Every day in this new life of mine I walk to the crossroads in the village, where there is a dirty milestone to the London road. Picked out in mud and lichen, the carving says "London, 120 miles." It is such a long way, such a long way away. Every day I bend down and touch it, like a talisman, and then I turn back again to my father's house, which is now so small to me, who has lived in the king's greatest palaces. I live on my brother's charity, on the goodwill of his wife who cares nothing for me, on a pension from Thomas Cromwell, the upstart moneylender, who is the king's new great friend. I am a poor neighbor living in the shadow of the great house that was once my own, a Boleyn house, one of our many houses. I live quietly, cheaply, like a widow with no house of my own whom no man wants.
And this is because I am a widow with no house of my own whom no man wants. A woman of nearly thirty years old, with a face scored by disappointment, mother to an absent son, a widow without prospect of remarriage, the sole survivor of an unlucky family, heiress to scandal.

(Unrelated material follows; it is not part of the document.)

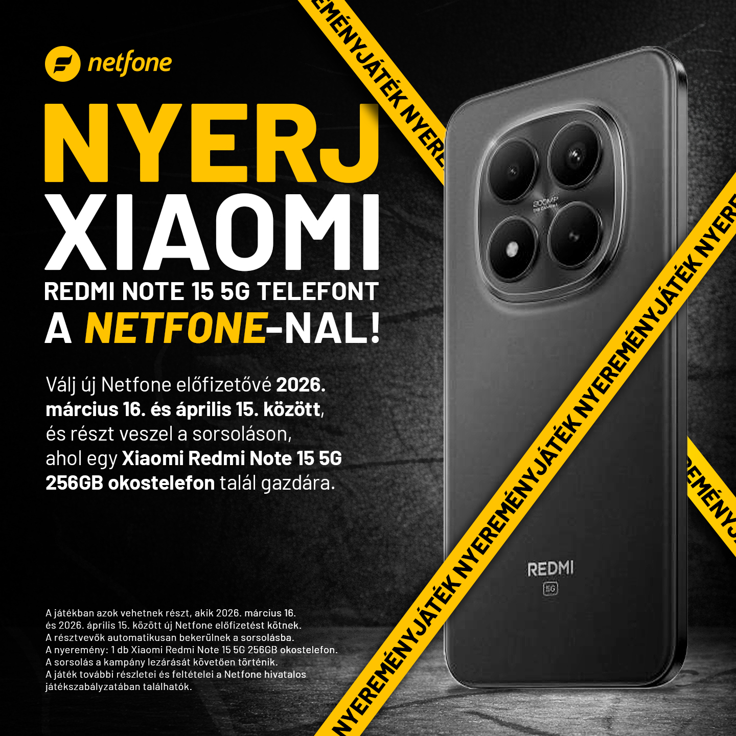 - Most még izgalmasabb lehet Netfone mobilcsomagra váltani. Az új előfizetők között kisorsolunk egy Xiaomi Redmi Note 15 készüléket 📱 – nagy kijelzővel, gyors 5G kapcsolattal és bőséges tárhellyel, hogy minden fontos alkalmazásod és tartalmad mindig kéznél legyen.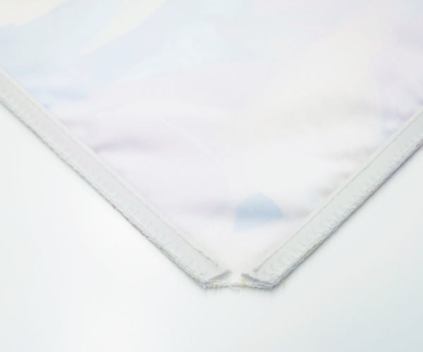 ![]()  弊社取り扱いの布系メディア(クロス)は透け感のあるウォータープルーフ素材です。若干のストレッチ(伸び感)があるので、ピンと綺麗に張って取り付けることができます(※提携工場が多数あるため、工場により布の質感に若干の相違が出る場合もございます。)

My dream is that one day this luck will change. I will see a messenger in Howard livery riding down this very road, bringing a letter for me, a letter from the Duke of Norfolk, to summon me back to court, to tell me that there is work for me to do again: a queen to serve, secrets to whisper, plots to hatch, the unending double-dealing life of a courtier, at which he is so expert, and I am his greatest pupil. My dream is that the world will change again, swing topsy-turvy until we are uppermost once more, and I am restored. I saved the duke once, when we were in the worst danger, and in return he saved me. Our great sorrow was that we could not save the two of them, the two who now ride and laugh and dance only in my dreams. I touch the milestone once more, and imagine that tomorrow the messenger will come. He will hold out a paper, sealed with the Howard crest deep and shiny in the red wax. "A message for Jane Boleyn, the Viscountess Rochford?" he will ask, looking at my plain kirtle and the dust on the hem of my gown, my hand stained with dirt from the London milestone.
"I will take it," I shall say. "I am her. I have been waiting forever." And I shall take it in my dirty hand: my inheritance.